Searching for the Neuropathology of Schizophrenia: Neuroimaging Strategies and Findings

Publication: American Journal of Psychiatry
Seek, and ye shall find.
— Matthew 7:7
It has long been known that schizophrenia is a brain disease. In the last century, psychiatrists tried to define its neuropathology through postmortem studies (1). Although histopathological characterization of schizophrenia proved to be elusive, identifiable neuropathological features were clearly and consistently associated with the illness. The findings of studies in the late nineteenth and early twentieth centuries were remarkably prescient in describing both diffuse and focal abnormalities in the size of multiple brain structures, which were subtle in magnitude and did not appreciably alter total brain size or weight.
Following this initial progress, the search for the neuropathology of schizophrenia foundered in the backwaters of medical research for more than 50 years. It was not until the advent of modern neuroimaging methods, which enabled relatively noninvasive in vivo studies of brain structure and function (25), that scientific discovery of the pathophysiology of schizophrenia meaningfully resumed. The results that have emerged from the several thousand studies reported since then have confirmed the early investigators’ findings of abnormalities in size, shape, and functions in multiple anatomical regions in schizophrenia.
Investigators have also explored the cellular basis of this pathomorphology and its functional significance through the interrogation of neural circuits using functional imaging technologies. Although this strategy has produced some viable and compelling theories, the pathophysiology of the disease has resisted elucidation by these investigations, in the same way that it has resisted previous efforts to define its histopathology.
Two rate-limiting factors in the progress of schizophrenia research are the development of theoretical models from which to derive testable hypotheses and the availability of sophisticated methodologies.

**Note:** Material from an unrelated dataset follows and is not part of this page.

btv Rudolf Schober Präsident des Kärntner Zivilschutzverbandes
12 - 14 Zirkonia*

It was an inability to define the neuropathology explicitly enough that led to the conceptualization of severe mental disorders such as schizophrenia as “functional” rather than “organic.” Thus, the lack of methodological capacity (as well as the lack of theoretical accuracy) may well have led to the misrepresentation of mental illness, as it has with other medical illnesses.
As if these obstacles were not enough for schizophrenia researchers to overcome, there has also been the problem of drug effects and the potential for the introduction of treatment artifact and its misidentification as disease pathology (6).

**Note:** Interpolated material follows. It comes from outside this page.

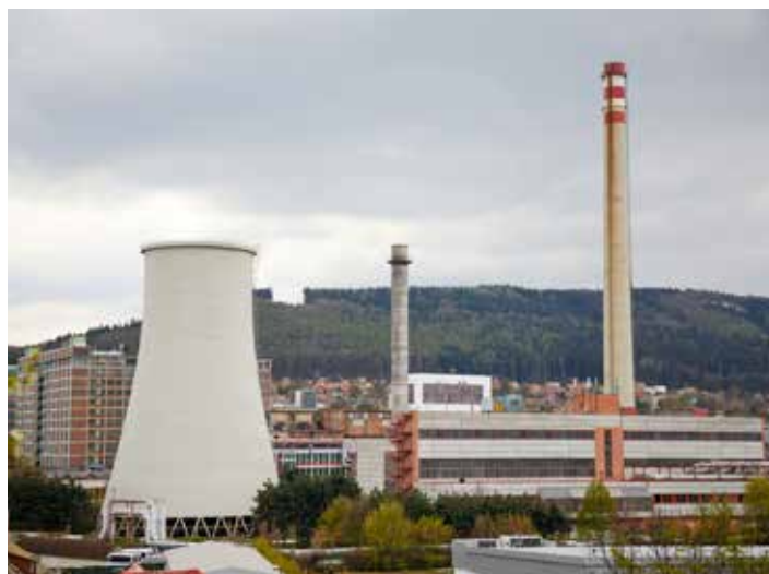
Cena tepla pro odběratele společnosti Teplo Zlín poklesne.

V pořadí měst v ČR podle ceny vody už Zlín klesl z nelichotivého 2. místa v roce 2011 do čtvrté desítky. Může za to tzv. „mrazení“ cen vody, což znamená, že od roku 2012 se cena mění pouze o inflaci, kterou město nedokáže ovlivnit. Letos bude klesání pořadím díky snížení ceny vody nadále pokračovat. Za svou denní spotřebu vody Zlíňan zaplatí cca 8 korun. Více informací z oblasti vodárenství zájemci naleznou v banneru Voda ve Zlíne, který je umístěn na hlavní stránce webu www.zlin.eu.

In recent years, however, progress has accelerated following the promulgation of heuristic models such as the stress-vulnerability hypothesis, the dopamine hypothesis, the positive-negative typology, the neurodevelopmental hypothesis, and the various permutations of the glutamate hypothesis (e.g., N-methyl-d-aspartic acid receptor hypofunction and phencyclidine hypotheses), to name but a few (7). At the same time, the new technology and methods available to test these theories have played a critical role in hastening progress.
Three of the articles in this issue of the Journal exemplify the roles of theory and methodology in schizophrenia research. The study reported by Buchsbaum’s group (Hazlett et al.) used positron emission tomography (PET) methods with enhanced spatial resolution and thin-slice (1.2-mm) magnetic resonance imaging (MRI) coregistration to define discrete anatomical regions of interest and substructures of the thalamus. Hazlett et al. examined patients with schizophrenia or schizotypal personality disorder and healthy volunteers by interrogating a thalamic-cortical-striatal-limbic circuit and using a serial verbal learning task that requires short-term and long-term memory. Research (imaging, postmortem, and cognitive) on the potential involvement of thalamic pathology in schizophrenia (8) provided much of the motivation and theoretical basis for this study.
Hazlett et al. report three findings on the thalamic measures: 1) a different pattern of glucose metabolism in response to cognitive activation for the patients with schizophrenia compared with the patients with schizotypal personality disorder and the healthy subjects; 2) no volume differences between any of the groups; and 3) a smaller area of activation (by a few pixels) in the anterior left thalamus in the patients with schizophrenia and in the right mediodorsal region in the patients with schizotypal personality disorder. The authors note that their findings of functional but not volumetric differences “may reflect a lack of normal frontothalamic afferent activity, which might result primarily from diminished frontal activity…or more generally from disturbed connections between frontal-striatal-thalamic regions.”
Although the findings are clearly of interest, some cautionary comments are warranted. Despite the theoretical trappings of a thalamic circuit, no a priori hypothesis was explicitly tested in this technically sophisticated study. Although this might seem a rather trivial matter, it is particularly important in neuroimaging studies, where numerous dependent variables are potentially generated by the many regions (or, in this case, pixels) of interest. Given the expensive and intellectually compelling nature of this form of research, it is important to minimize the potential for criticism of post hoc findings. The use of methods providing enhanced spatial resolution with PET and MRI in an attempt to examine thalamic nuclei and other substructures is laudable but also tests the real limits of spatial resolution of these methods.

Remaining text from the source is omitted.